February 02, 2010

Budapest

Arrived in Budapest to what the UK would call a blizzard. The snow was thicker than it was a few weeks back in England and it seemed to have no effect on daily life. Everywhere I went, even outer areas of the city, had cleared pavements and roads. Unlike Manchester city centre's incapable response to snow, no-one was slipping over; it was business as usual.

(View from my hotel)

Being here had the desired effect on writing Tesseract – what could be more conducive than being cut off from the world supplied at regular intervals with caffe lattes and overlooking ice flowing down the Danube?

On Monday evening I had the great pleasure of dinner at Márton Koppány's apartment. About 25 mins from the hotel, though the taxi ripped me off charging double what it cost for the trip back.

Márton's 'poetry dog' (every poet should have one!) Gertrude S. was a big black soft haired sweety who barked whenever she wanted something, which most often was to be played with or stroked. Luckily I had brought her a ball and missing our poetry dog was happy to stroke. Márton's wife Gyöngyi teaches English and asked me a couple of questions about grammar which I answered inconsistently, because, as I said, the English don’t really learn or understand grammar – part of our imperial laziness - so even things that are grammatically incorrect sound feasible to our ears. I called it our ‘flexibility’. Márton and I talked about vispo and whether the new taste for asemic writing amounted to anything, conceptual art, the Text Festival (which he will be in), his choice of English over Hungarian and the phenomenon of global networking. Gyöngyi made dinner; we drank two bottles of wine. The food was a chicken and cauliflower bake with rice followed by cake. I gave Márton a copy of Reykjavik and he gave me a couple of his books (Investigations and Endgames) which look very nice indeed.

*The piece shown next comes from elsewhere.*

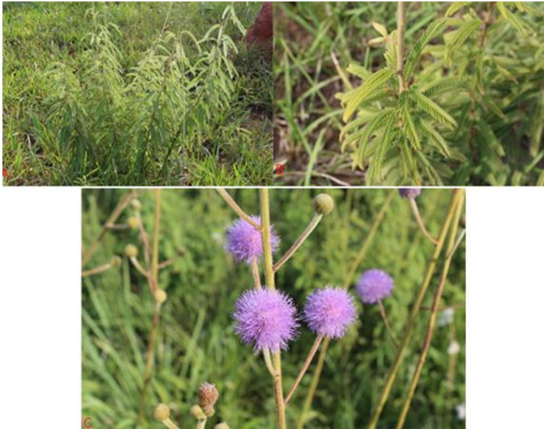
Figura 7. A-C. A. Hábito de la planta B. Detalle de hojas compuestas bipinnadas C. Inflorescencia terminal con glomérulos rosado-liláceos.

Yesterday, I had lunch with Allan Siegel, a media artist, writer and teacher at Budapest Art University.
http://www.kekbicikli.hu/ We discussed the 5 Places project in his favourite bistro.







After that, I connected up again with Márton to see the Műcsarnok Kunsthalle retrospective of the Balázs Béla Studio.
http://www.ernstmuzeum.hu/new_site/index.php?lang=en

It didn't really work for me as I had no knowledge of 50's-60's Hungarian avant-garde film-making and it was curated as a cross between an art show and a museological survey, the latter part not really working with Műcsarnok's spaces.

From there I went on to the Trafo Contemporary Art Centre, http://www.trafo.hu/ to see Subversive Excerpts, a show looking at the experimental and conceptual practices between the nineteen-sixties and eighties in Europe and South America under the influence of military dictatorships and communist regimes. Taken with the subtext of the BBS show and the conversations with Márton, it is clear that the recent history of repression in Hungary is still a raw element in artists' consciousness, but not having had that experience, I had to feel a distance from that reality.